Zum Streit um die Ratifizierung des Unionsvertrags von Maastricht
Es gibt keinen Zweifel darüber: Die Maastrichter Vereinbarungen stellen eine Zäsur der europäischen Integration dar. Anders als die Regierungen bei Vertragsabschluß beteuerten, wurde in Maastricht allerdings kein Weg in die Überstaatlichkeit der EG eröffnet sondern eher in eine von Jacques Delors so genannte "organisierte Schizophrenie". Ihr treten die Parlamente im gegenwärtigen Ratifikationsprozeß mit Hilfe von "Nachbesserungen" entgegen: Sie lassen sich weder vorab auf die vereinbarte "Irreversibilität" noch auf eine supranationale Automatik der Wirtschafts- und Währungsunion (WWU) festlegen; Länder und Regionen kämpfen um den Erhalt ihrer Kompetenzen bzw. um Mitwirkungsrechte in der EG. Durch die stillschweigende Verallgemeinerung des den Briten zugestandenen "opting out" verliert die Gemeinschaft ihre Rechtseinheit. Kündigt sich damit ein Zerfall der EG an? Die Zwölf sind einhellig der Meinung, daß eine Ablehnung der Maastrichter Vereinbarungen "die Wölfe des Nationalismus" in ganz Europa freisetzen könnte.

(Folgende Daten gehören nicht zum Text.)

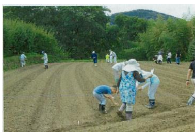
地域住民で 菜の花の種まき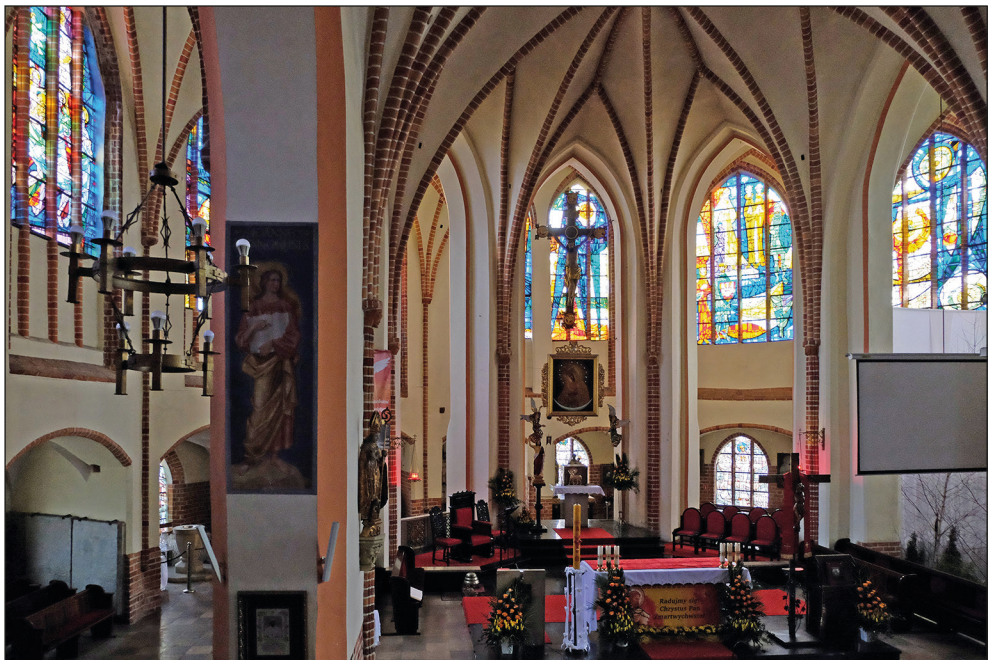
Ryc. 21. Stargard, kościół św. Jana, widok chóru w kierunku wschodnim.

dzystymi (w ambicie w połączeniu z trójdzielnymi). Dowodem na to są terakotowe wsporniki z maskami ludzkimi u nasady żeber sklepiennych wprowadzone w całej strefie chóru – zarówno w nawie głównej, jak i w obejściu (ryc. 21). Wykazują one pewne podobieństwo do wsporników z maskami terakotowymi w kaplicach pobliskiego kościoła Mariackiego, dobudowanych do północnej nawy bocznej korpusu w ciągu XV w. Nie można tu jednak formułować zbyt daleko idących wniosków opartych na analizie formalnej, gdyż maski terakotowe w kościele Mariackim stanowią w dużej mierze repliki średniowiecznych oryginałów z okresu restauracji fary na początku XX w. 50 Także i ten aspekt mógłby jednak świadczyć o tym, że przebudowę chóru kościoła św. Jana przeprowadzono wcześniej aniżeli dotychczas zakładano. Być może pod wrażeniem zakończonej niedawno budowy nowego chóru pobliskiego kościoła Mariackiego przebudowę partii wschodniej podjęto tu już w pierwszej połowie XV w., jeszcze przed ukończeniem wieży? Wpływ kościoła Mariackiego łatwo dostrzec nie tylko w dekoracji blendowej wieży świętojańskiej, lecz również w formie dekoracji masywnych skarp przy obejściu halowym kościoła św. Jana: do dziś czytelne są na nich pozostałości de-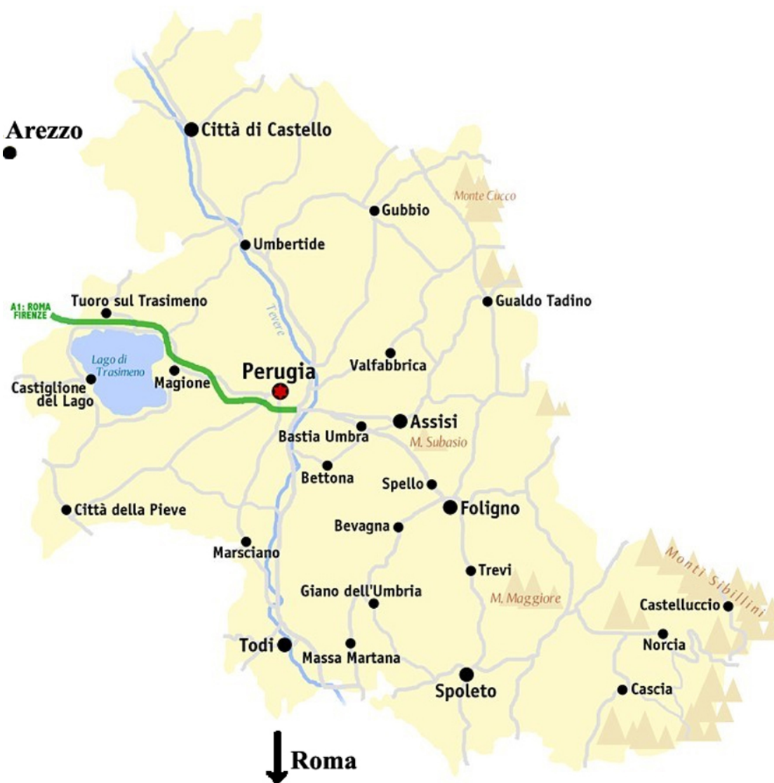
Карта провинции Перуджи (из Википедии).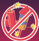
engins pyrotechniques ou feux d'artifice

Au sein du périmètre de la bande, interdiction absolue de détention de :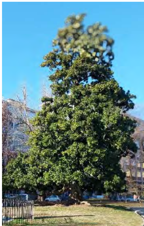
22- Giardini Papa Giovanni Paolo II – la grande magnolia storica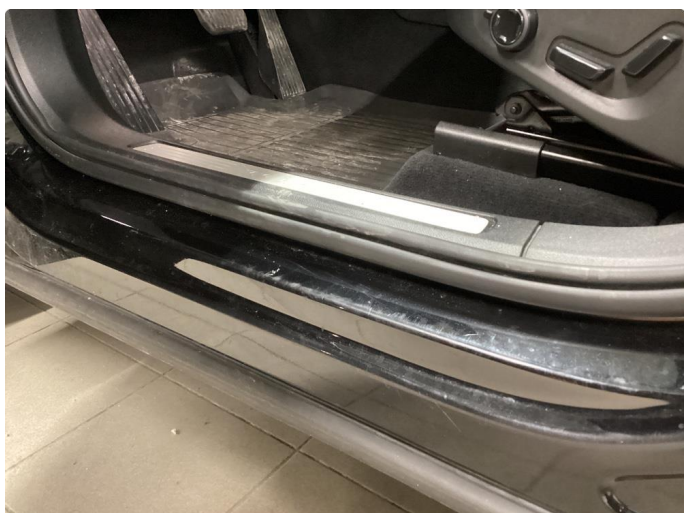
1.3 Noe merker på terskel venstre foran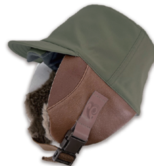
2.SHIDA / CHOCO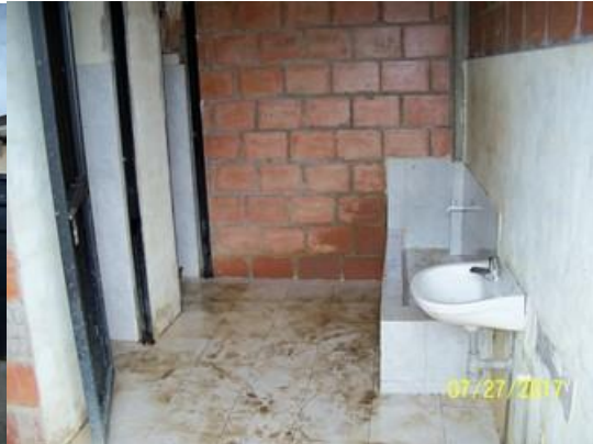
Módulo de la batería de balos existentes, a las cuales se les debe realizar las actividades mínimas indicadas en el alcance de éste proyecto.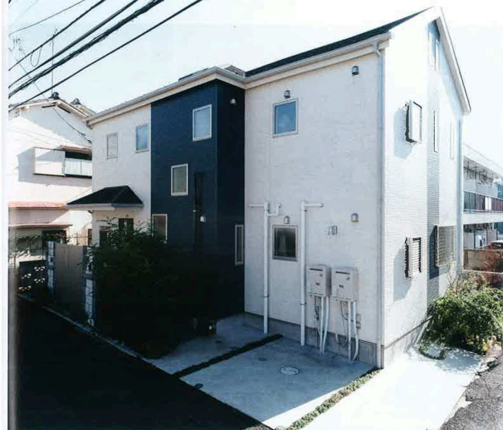
ツートンカラーのお洒落な佇まいのC氏邸は、二世帯住宅。玄関回りに対する外部からの視線を、自然な形で遮るように植栽や枕木を用いてデザインした。「縦格子のフェンスも、自然光を取り入れたいと思い、採用しました」とCさん(写真はすべてC氏邸)

この家が施せるエリア 東京都全域 都心部 城南・城西エリア 臨海エリア 城北エリア 武蔵野エリア 北多摩エリア 南多摩エリア 西多摩エリア 神奈川県 埼玉県 千葉県 その他エリア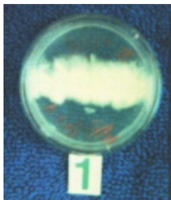
Gambar 1a. Kompatibilitas antara isolat yang diuji dengan tester diperlihatkan dengan terbentuknya koloni putih ( heterocaryon ) di areal tumbuh yang saling bersentuhan ( Compatibility among tested isolate and tester as shown by heterocaryon forming in the medium that come in touch )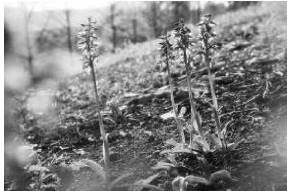
Abb. 7: Bereits kurze Zeit nach der Entbuschung kommen wieder Orchideen zur Blüte wie hier das Stattliche - Knabenkraut ( Orchis mascula )

als 10 ha Kalk-Halbtrockenrasen entbuscht und nachgepflegt werden. Um die Auswirkungen der durchgeführten Maßnahmen und der Beweidung durch Schafe darzulegen, wurde im selben Jahr ein umfangreiches Monitoring durchgeführt, welches die wertbestimmenden Kalkmagerrasen-Arten und ihre Individuenzahlen erfassen sollte. Die Ergebnisse unterstrichen die hohe natur-schutzfachliche Wertigkeit der Kalktriften.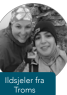
Ildsjeler fra Troms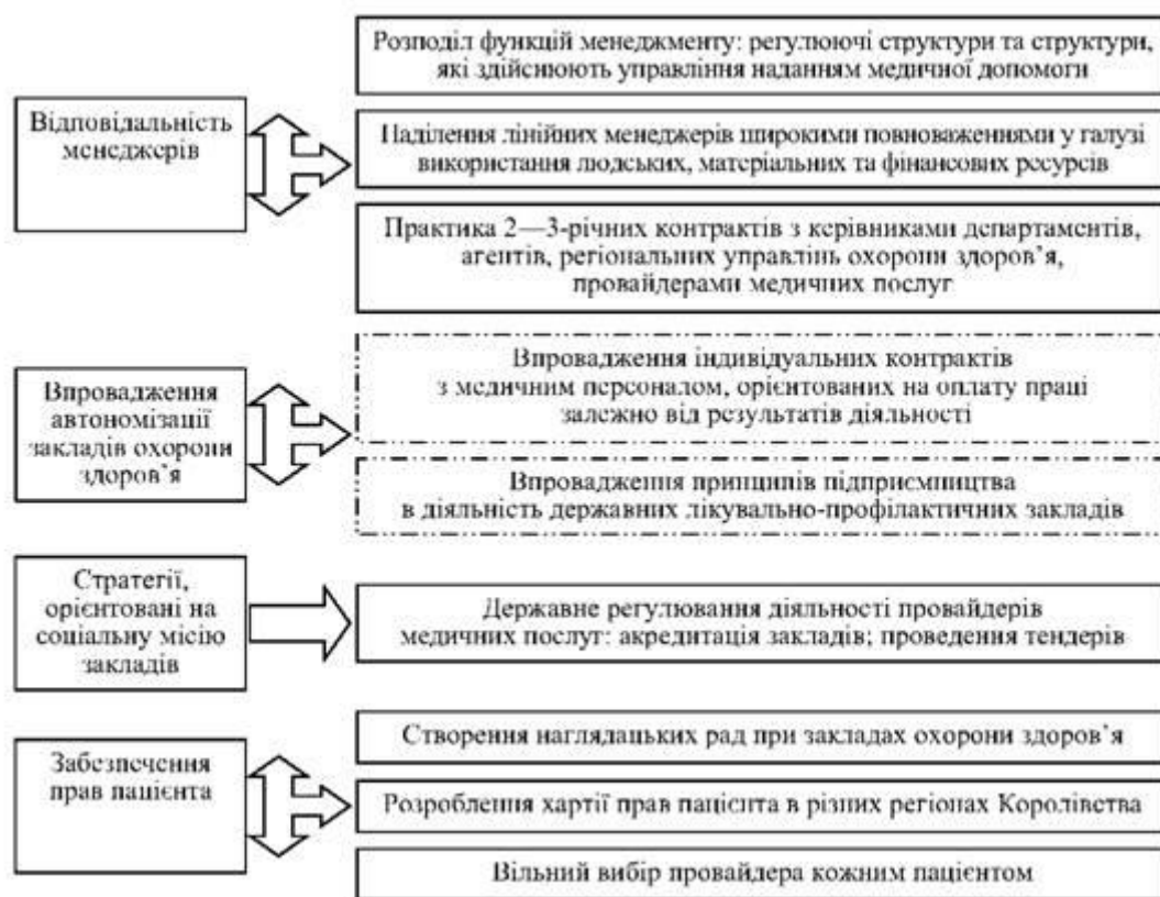
Рис. 1. Складові системи КРБМ

Концептуальною засадою стала зміна організаційної структури та фінансових потоків: максимально використані переваги існування в країні ринку медичних послуг із збереженням контролю держави за якістю надання медичної допомоги. Основним механізмом було вибрано розподіл функцій фінансування медичних закладів та безпосереднього надання медичної допомоги. Такий підхід привів до виникнення внутрішніх "квazіринків", що привнесло в систему державно організованої системи охорони здоров'я стимули, які забезпечують конкуренцію з приватним сектором. Державні та приватні медичні заклади конкурують між собою за одержання державних фінансових ресурсів.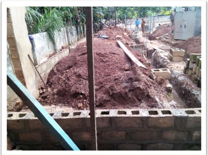
Het begin van de nieuwe keuken is er!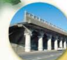
北防波堤ドーム(稚内市)

平成22年9月1日(水)・2日(木)・3日(金) 会場 北海道大学札幌キャンパス 主催 土木学会平成22年度全国大会実行委員会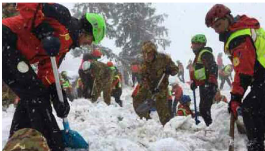
Soccorritori al lavoro a Rigopiano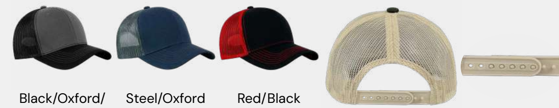
Black/Oxford/Black Steel/Oxford Red/Black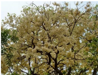
ภาพที่ 1 ดอกพะยอม ดอกไม้ประจำจังหวัดพัทลุง

- พะยอม เป็นไม้ยืนต้นขนาดกลางถึงขนาดใหญ่ เปลือกต้นหนาสีน้ำตาลหรือสีเทาเข้ม ดอก มีสีเหลืองอ่อนหรือสีขาวนวลมีกลิ่นหอมออกรวมกันเป็นช่อใหญ่ตามปลายกิ่งหรือเหนือรอยแผลใบใกล้ ๆ ปลายกิ่ง โคนขอบกลีบฐานรองดอกจะเกยกันแต่ไม่ติดเป็นเนื้อเดียวกัน มี 5 กลีบ กลีบดอกจะจีบเวียนกันไปตามเข็มนาฬิกา กลีบรองกลีบดอกเกลี้ยงสีคล้ำขอบหยักเป็นฟันเลื่อย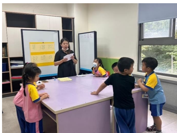
0422 辦理一年級特教闖關活動，指導學生認識各種身心特質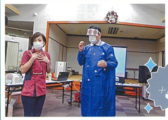
認定看護師を招いての勉強会 実はモデルは！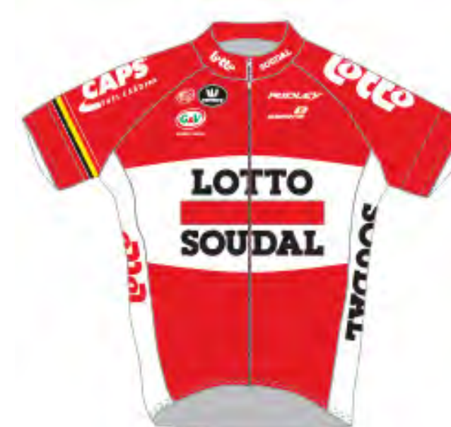
Lotto Soudal (BEL)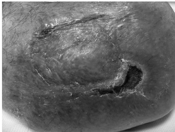
Sl. 9. Rana nakon 10 tjedana karboksiterapije

Terapija: provedena je lokalna terapija pokrivalima za rane te kompresivna terapija bataljka sistemom kratkoelastičnih zavoja do prepone. Nakon prva dva tjedna lokalnog liječenja i faze čišćenja rane u dnu rane vidi se crveno granulacijsko tkivo (sl. 7). U ovoj fazi kao potporno liječenje uvodimo primjenu karboksiterapije s uređajem i preporučenim protokolima dvaput tjedno (7). Tijekom postupaka karboksiterapije bolesnik nije imao nuspojava. Rana uredno cijeli (sl. 8.) te je njezina površina znatno manja nakon 6 tjedna primjene karboksiterapije (sl. 9). Očekujemo potpuno zacjeljivanje rane unutar predviđenih 12 tjedana.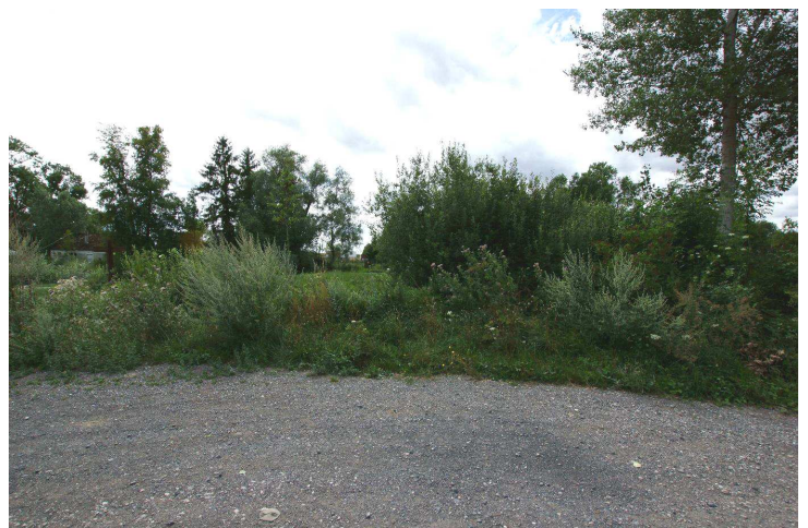
Photo 5 : Une des stations de collecte et d'observation de Zeuneriana abbreviata

Tous les individus trouvés dans la Somme, l'ont été au sein de végétations de mégaphorbiaie (Reine des prés, Eupatoire chanvrine...) ou de lisières nitrophiles (Ortie dioïque, Gaillet gratteron...). Des individus ont aussi bien été notés en bordure de prairie (au sein de la végétation de graminées) qu'au niveau d'une peupleraie ou au sein de la mégaphorbiaie bordant le canal de la Somme. Dans tous les cas, les observations ont été menées dans un contexte de zone humide.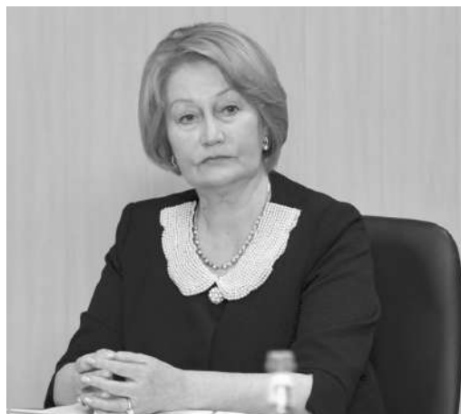
Нина ЧИПЛАКОВА, председатель Общественной палаты РСО-А

– Мы ориентированы на эффективную работу с профильными экспертами института. Действительно, тема школьного питания крайне важна для нас. В этом году нам предстоит серьезная работа – республика вошла в пятерку субъектов РФ по объему федерального финансирования, одобренного на 2022–2023 гг. на капитальный ремонт образовательных организаций. Мы капитально отремонтируем 63 школы, особое внимание уделим модернизации пищеблоков, учтем все требования, которые необходимы для обеспечения школьников вкусным и полезным питанием. Этот шаг крайне важен для разработки надежной и устойчивой системы школьного питания республики, – резюмировал Сергей Меняйло.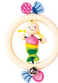
Sonaglio sirena dimensioni 14 cm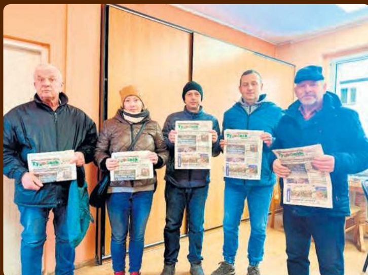
W czwartek przed godz. 9:00 ustawiła się z gazetami kolejka naszych czytelników.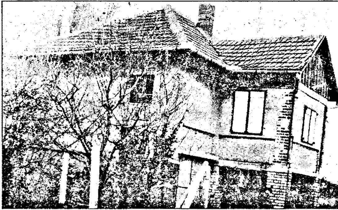
„Colna” în care s-a născut cel care se crede Mesia Primăriei din Arad.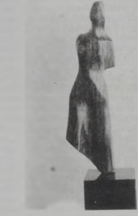
«Շղարշապատ կինը», գործ՝ Նայիմ Տումիթի:

Ինաստեղծական խառնուածքի տէր (ոչ անպայման քնարական) այս քանդակագործը հակամէտ է կերտելու կին կերպարներ, որոնք ոչ միայն մայր են ու էգ, այլ նաեւ կ'արտայայտեն տարբեր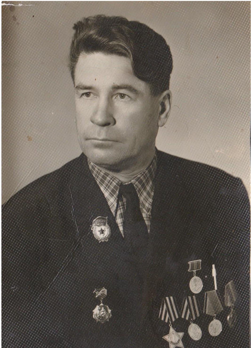
ЛЕБЕДЕВ АЛЕКСАНДР ИВАНОВИЧ 1923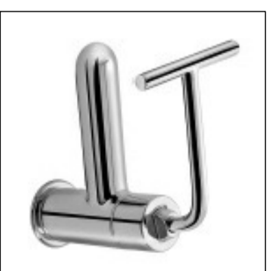
7. SANITÁRIO COM LAVATÓRIO E CAIXA D'ÁGUA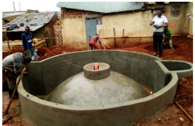
Den underjordiske, gas-producerende, del af biocenteret i Kampala stod færdig i sept. 2022.

Uganda: et jordrettighedsprojekt iværksat i 2018, er gradvist morfet over i et kooperativt sanitetsprojekt i et slumkvarter i hovedstaden Kampala. Her begyndte vi opførelsen af et såkaldt biocenter i 2022, som er en sanitetsbygning med toiletter, bade, vandsalg, boliger og en urban farming-komponent. Og så producerer bygningen biogas! I samarbejde med vores to dygtige partnerorganisationer National Slum Dwellers Federation of Uganda og ACTogether er det lykkedes at få Kampala kommune med på projektet, og det er på tale at skalere op til flere slumkvarterer fremover. Læs mere her .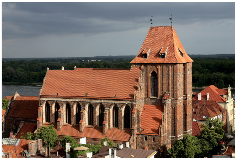
Il. 11. Toruń, kościół św. Jana, fot. A. Skowroński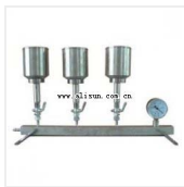
细菌过滤器-XC-3 品牌: 杭州汇尔 价格: 2580 3孔, 附燃烧架, 送水射器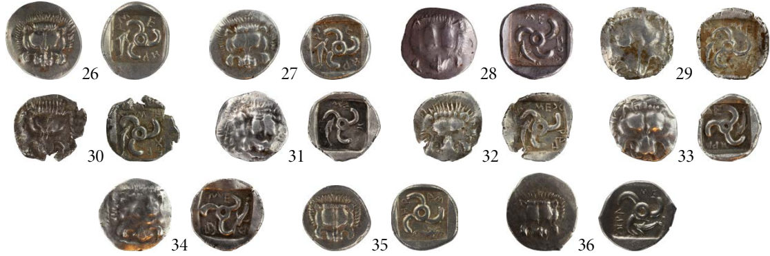
Fig. 11. Tip III (Yunus)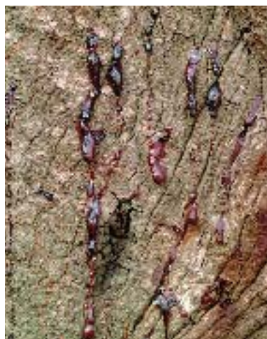
Foto 6 (derecha). Un tronco sangrando del tankoak.

Es ist daher anzunehmen, daß sie ratifiziert werden, allerdings zu Konditionen, die nicht dem Vertragsmodell der WWU bzw. der Politischen Union entnommen sind, sondern die der ökonomischen Situation bei Eintritt der geplanten Einigungsschritte entsprechen. Zu gegebener Zeit wird also nachverhandelt.